4(e) Optical Coating Laboratory, Inc. 12,000 shares of 8% Series C
     Convertible Redeemable Preferred Stock Purchase Agreement among the
     Registrant and the investors named therein dated as of May 1, 1995.
     Incorporated by reference to Exhibit 4(e) of Registrant's Form S-8
     dated July 6, 1995.

4(f) Certificate of Designation, Preferences and Rights of Series C
     Convertible Redeemable Preferred Stock of Optical Coating Laboratory,
     Inc. dated May 2, 1995. Incorporated by reference to Exhibit 4(f) of
     Registrant's Form S-8 dated July 6, 1995.

5*    Opinion and consent of Collette & Erickson.

15*   Letter of Deloitte & Touche LLP regarding unaudited interim financial
     information.

23(a)*     Consent of Deloitte & Touche LLP

23(b)*     Consent of Counsel  (See Exhibit 5, above).

24   Power of Attorney  (See page II-7).

28   Not Applicable

99   1996 Incentive Compensation Plan.  Incorporated by reference to
     Registrant's Proxy Statement dated March 8, 1996.



ITEM 9.   UNDERTAKINGS.

     (a)  The undersigned registrant hereby undertakes:

     (1)  To file, during any period in which offers or sales are being
made, a post-effective amendment to this registration statement:

          (i)  To include any prospectus required by section 10(a)(3) of
          the Securities Act of 1933;

          (ii)  To reflect in the prospectus any facts or events arising
          after the effective date of the registration statement (or the
          most recent post-effective amendment thereof) which, individually
          or in the aggregate, represent a fundamental change in the
          information set forth in the registration statement;

          (iii)  To include any material information with respect to the
          plan of distribution not previously disclosed in the registration
          statement or any material change to such information in the
          registration statement;

provided, however, that paragraphs (a)(1)(i) and (a)(1)(ii) do not apply if
the registration statement is on Form S-3 or Form S-8, and the information
required to be included in a post- effective amendment by those paragraphs
is contained in periodic reports filed by the registrant pursuant to
section 13 or section 15(d) of the Securities Exchange Act of 1934 that are
incorporated by reference in the registration statement.

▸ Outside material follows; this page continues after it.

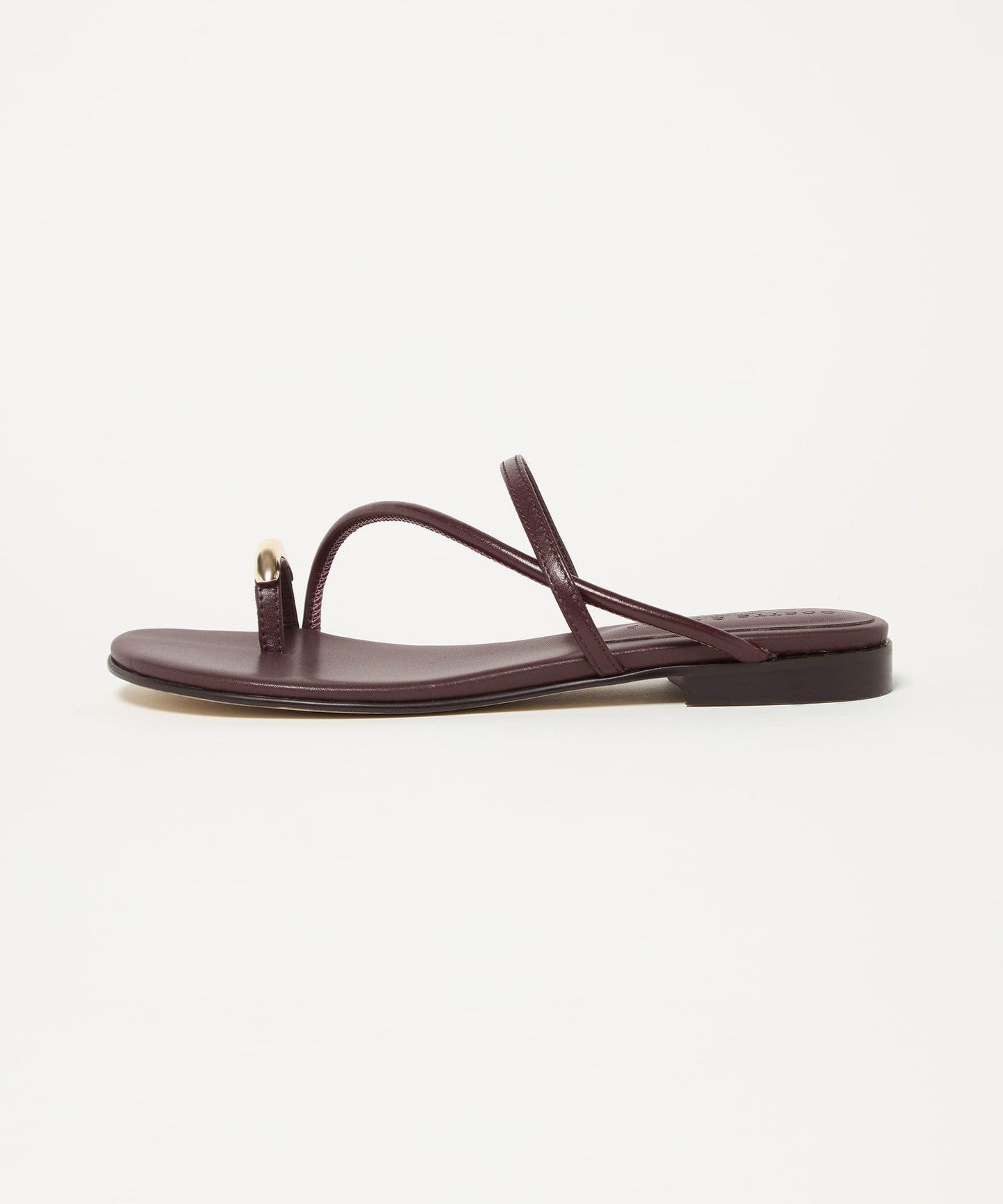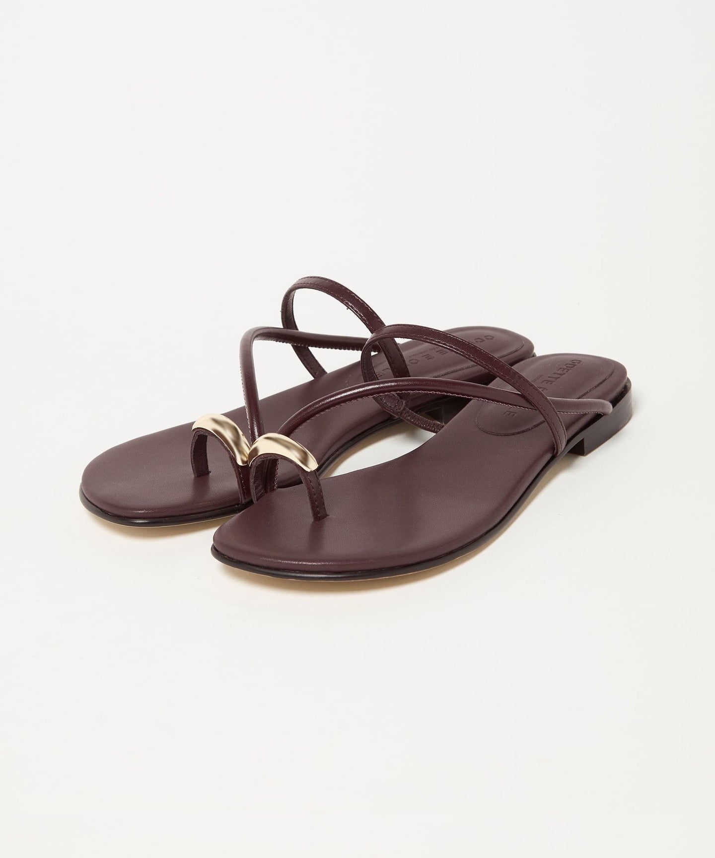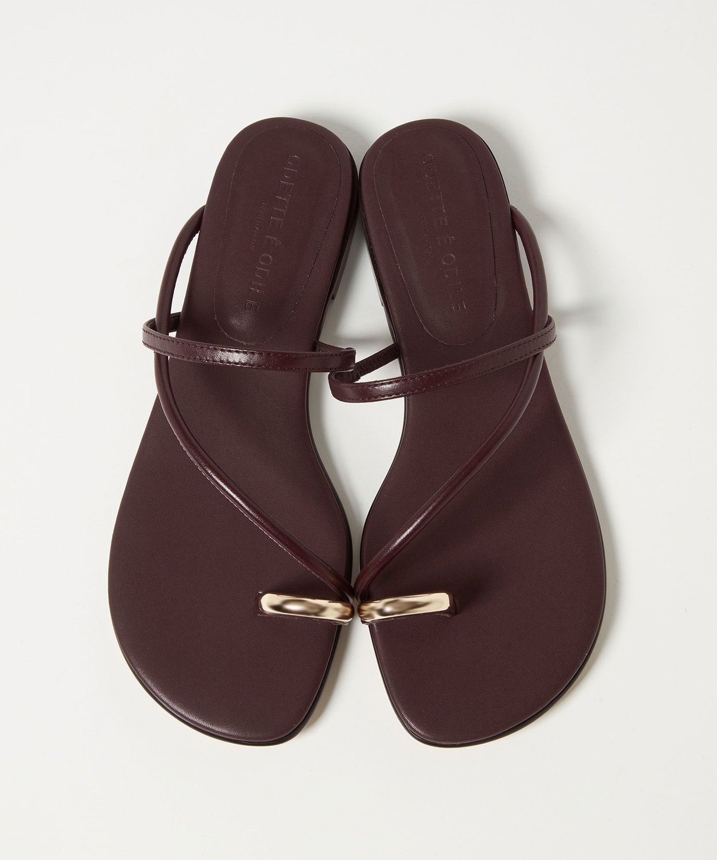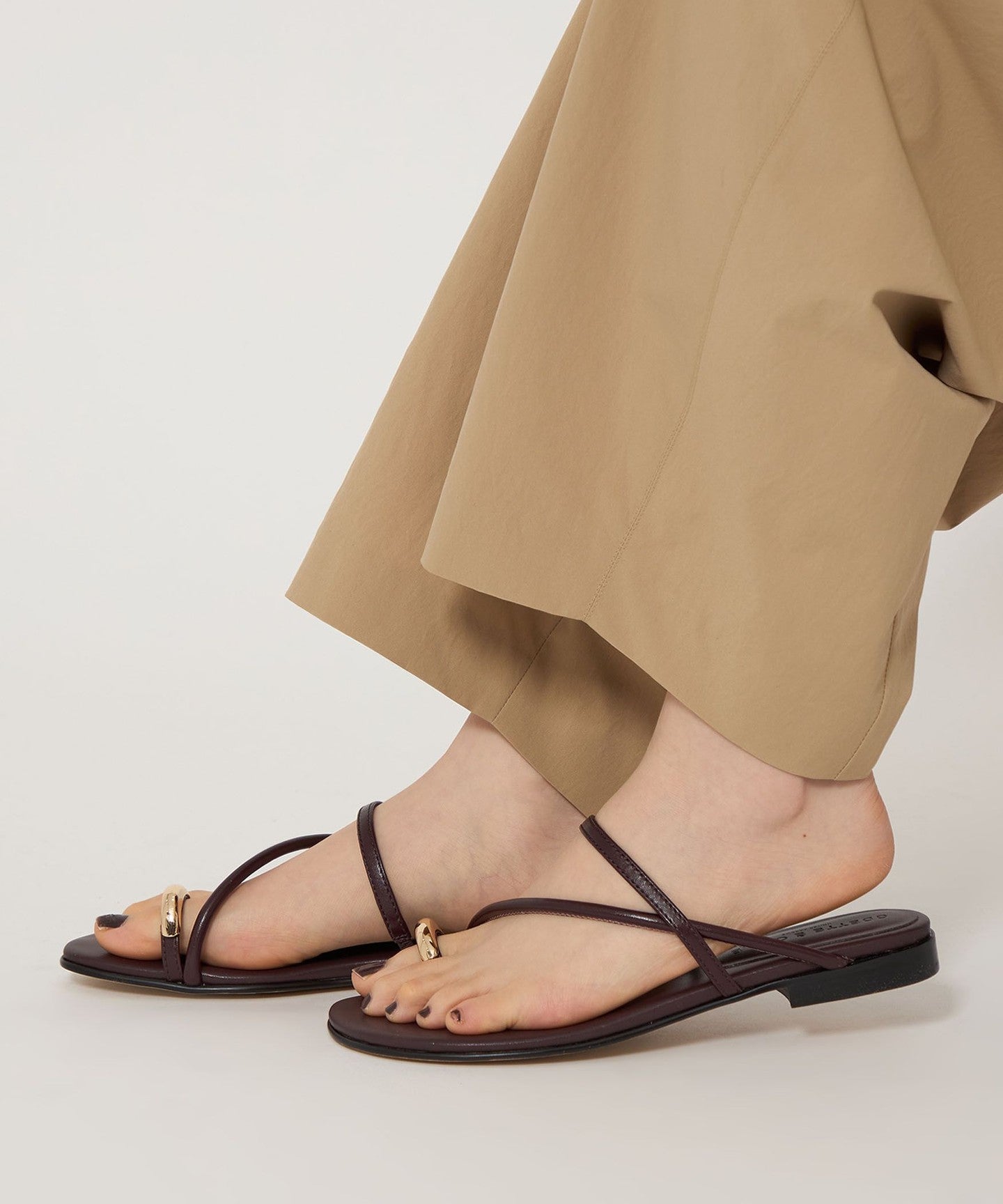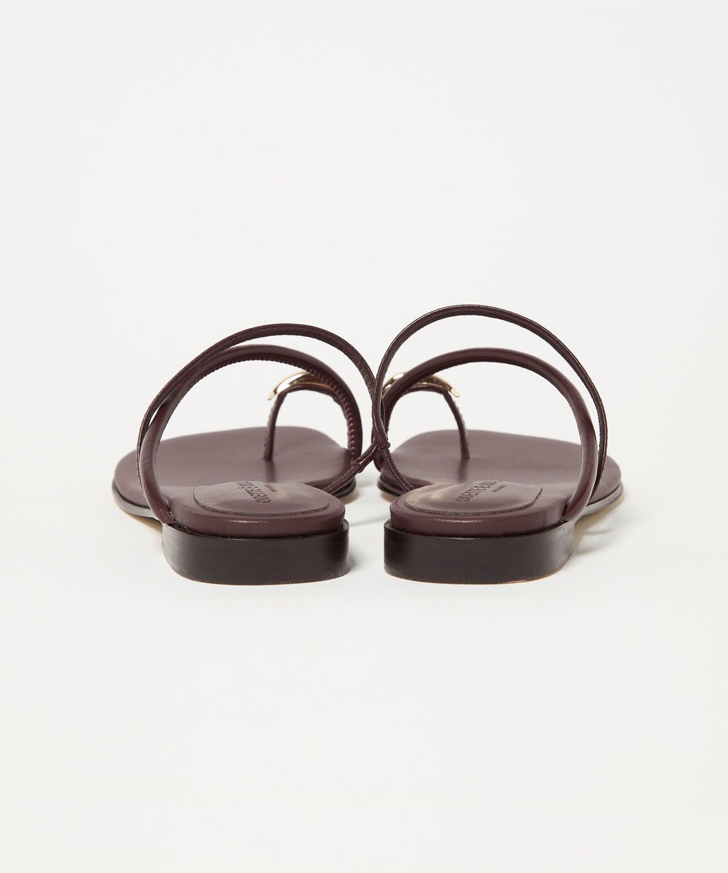 These sandals feature a metal decoration on the leather loop on the big toe.

          (2)  That, for the purpose of determining any liability under the
Securities Act of 1933, each such post-effective amendment shall be deemed
to be a new registration statement relating to the securities offered
therein, and the offering of such securities at that time shall be deemed
to be the initial bona fide offering thereof.

          (3)  To remove from registration by means of a post-effective
amendment any of the securities being registered which remain unsold at the
termination of the offering.

     (b)  The undersigned registrant hereby undertakes that, for purposes
of determining any liability under the Securities Act of 1933, each filing
of the registrant's annual report pursuant to section 13(a) or section
15(d) of the Securities Exchange Act of 1934 (and, where applicable, each
filing of an employee benefit plan's annual report pursuant to section
15(d) of the Securities Exchange Act of 1934) that is incorporated by
reference in the registration statement shall be deemed to be a new
registration statement relating to the securities offered therein, and the
offering of such securities at that time shall be deemed to be the initial
bona fide offering thereof.

     (h)  Insofar as indemnification for liabilities arising under the
Securities Act of 1933 may be permitted to directors, officers and
controlling persons of the registrant pursuant to the foregoing provisions,
or otherwise, the registrant has been advised that in the opinion of the
Securities and Exchange Commission such indemnification is against public
policy as expressed in the Act and is, therefore, unenforceable.  In the
event that a claim for indemnification against liabilities (other than the
payment by the registrant of expenses incurred or paid by a director,
officer or controlling person of the registrant in the successful defense
of any action, suit or proceeding) is asserted by such director, officer or
controlling person in connection with the securities being registered, the
registrant will, unless in the opinion of its counsel the matter has been
settled by controlling precedent, submit to a court of appropriate
jurisdiction the question whether such indemnification by it is against
public policy as expressed in the Act and will be governed by the final
adjudication of such issue.


                                   SIGNATURES

     Pursuant to the requirements of the Securities Act of 1933, the
registrant certifies that it has reasonable grounds to believe that it
meets all of the requirements for filing on Form S-8 and has duly caused
this registration statement to be signed on its behalf by the undersigned,
thereunto duly authorized, in the City of Santa Rosa and State of
California, on the 27th day of September 1996.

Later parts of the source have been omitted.